Kristie L. Kahl: How do these proteins play a role in treatment options for melanoma right now?
Dr. Sunandana Chandra: What we do is we use drugs that target P-1 or PD-L1. And when you do that, it results in a T cell remaining active. And that can lead to what we call an anti-tumor immune response, which is essentially, the person's own immune system killing the cancer.
Kristie L. Kahl: We're currently looking at combining FDA approved drugs with new agents. Can you explain how these combinations might work in treating melanoma?
Dr. Sunandana Chandra: In general, FDA approved, targeted therapies as well as immunotherapies have been shown to be very effective in treating advanced melanoma. However, what happens is the melanoma tumor can develop what we call resistance mechanisms. So, the tumor has ways to kind of evade the effectiveness of these immunotherapy or targeted therapy drugs. And that can happen due to, you know, mutations in the tumor itself, it can happen due to changes in the environment around the tumor, which is known as the tumor microenvironment, or even changes in the host immune system or the patient's own immune system. And so there are a lot of options out there that are now being actively studied to try to address some of these resistance mechanisms to try to kind of improve upon what we already have.

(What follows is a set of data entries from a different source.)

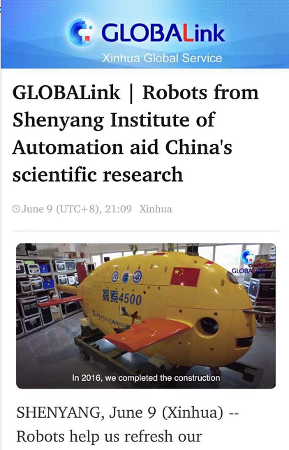 SHENYANG, June 9 (Xinhua) -- Robots help us refresh our understandings of the world. Follow Xinhua correspondent to the Shenyang Institute of Automation under the Chinese Academy of Sciences in northeast China's Liaoning Province. It is the place where China's first industrial robot prototype and the first unmanned underwater robot were created. These robots have made irreplaceable contributions to the development of China's scientific research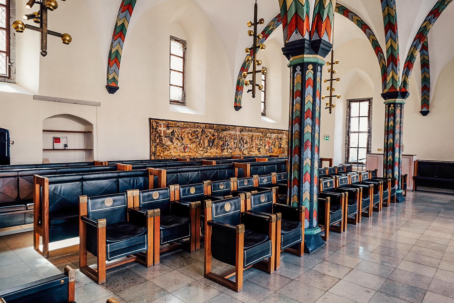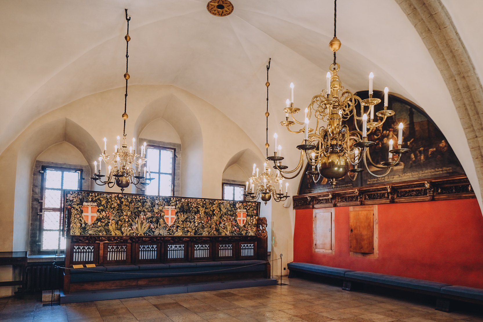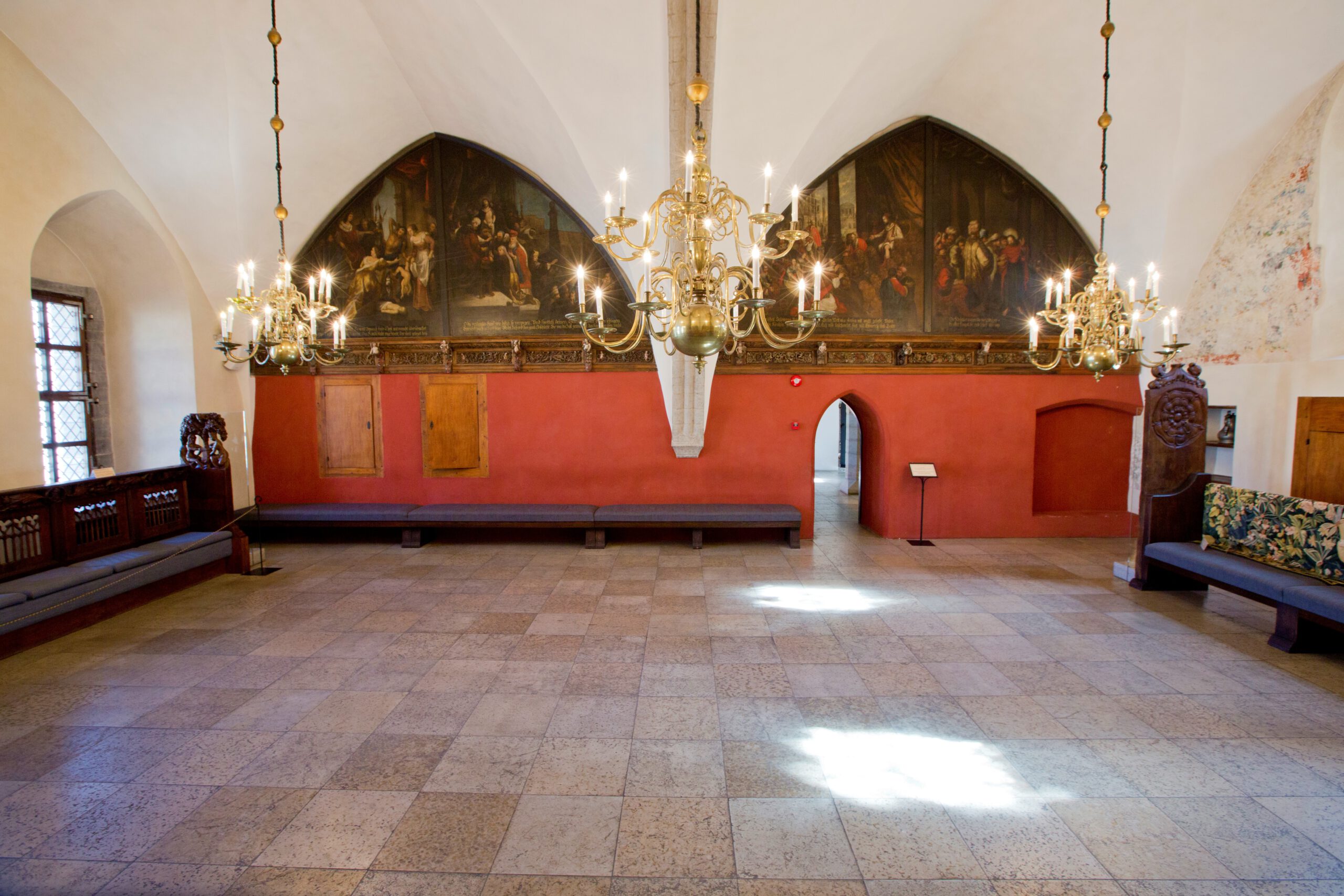 The Council Chamber is famous for its unique art values (14th–15th century benches, 16th century wall paintings, 17th century lunette paintings, carved friezes, chandeliers etc.) which impose strict restrictions on the events held in the room. For a stand-up reception, the Council Chamber accommodates 80 people.
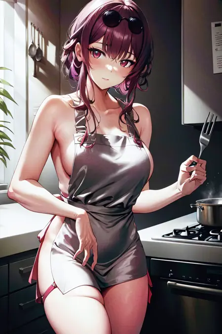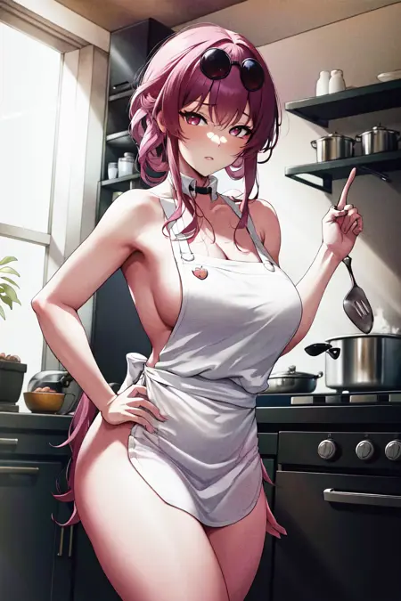 服装: 太阳镜、头戴眼镜、项圈、长袖、有领衬衫、露肩、黑色短裤、紫色手套、紫色绑带、连裤袜、臂带、耳环、大腿靴、大腿绑带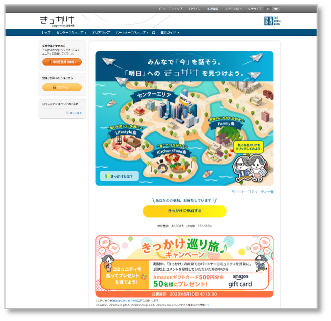 「きっかけ」(https://www.beach.jp/community/KIKKAKE/)は、産経新聞社とクオンが、共同で運営しているオンライン上のコミュニティです。ショッピングモールのようなイメージで発展していくのが特徴の1つで、「きっかけ」は、中心(センター)にある広場のような役目を果たしています。ユーザーはセンターコミュニティである「きっかけ」で、さまざまな会話やキャンペーンを楽しみながら、テナントにあたるクライアントの“パートナーコミュニティ”にも自由に参加、回遊し、コミュニケーションが活性化しています。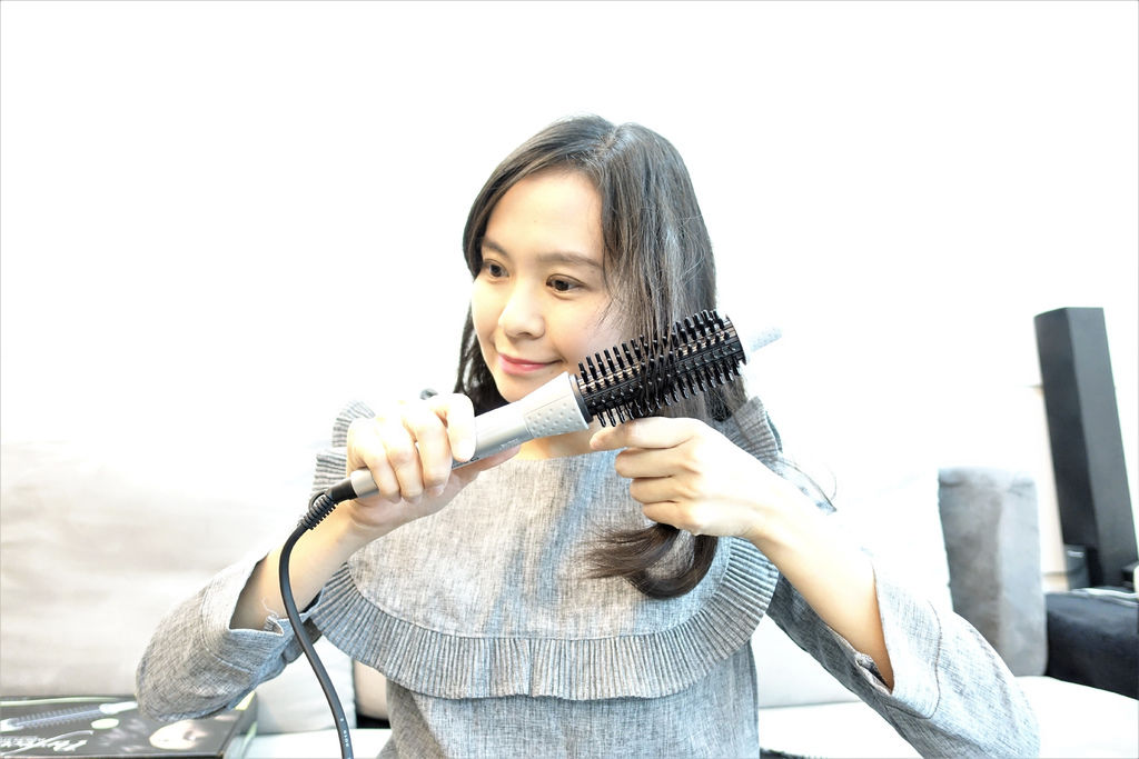 接著使用【Perfecter捲髮器】由上而下的梳順頭髮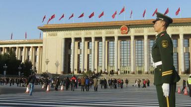 An ninh được đặc biệt tăng cường quanh khu Đại Lễ đường và Quảng trường Thiên An môn kế bên trong ngày thứ Năm. Vào lúc rạng sáng, cảnh sát đã lôi đi một người biểu tình gào thét trong lúc cờ Trung Quốc được kéo lên.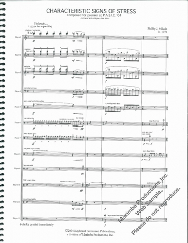 The motivation behind the piece comes from the sheer stress resulting from the logistics of assembling and preparing for a showcase performance. Not only does the piece sound “stressed” but as you watch each performer execute his part you should see signs of stress in their movements, both between and around the instruments.

Kristie L. Kahl: Can you discuss any of these regimens that maybe patients should be keeping an eye on?
Dr. Sunandana Chandra: So some of the therapies that are being actively studied or have shown promise already include what's known as adoptive T-cell therapy, or TIL therapy, which stands for tumor infiltrating lymphocytes. We're also actively studying drugs that target proteins such as LAG3, TIGIT, or drugs that we call immunomodulators, which is kind of a fancy way of saying that we're using these additional drugs to further affect the immune system. And these immunomodulator drugs that are being actively studied are drugs known as toll-like receptor 9 and STING agonists and even less toxic variants of an older drug called IL-2. And basically, all of these drugs are looking at ways of trying to affect our immune system and being able to better kill the cancer.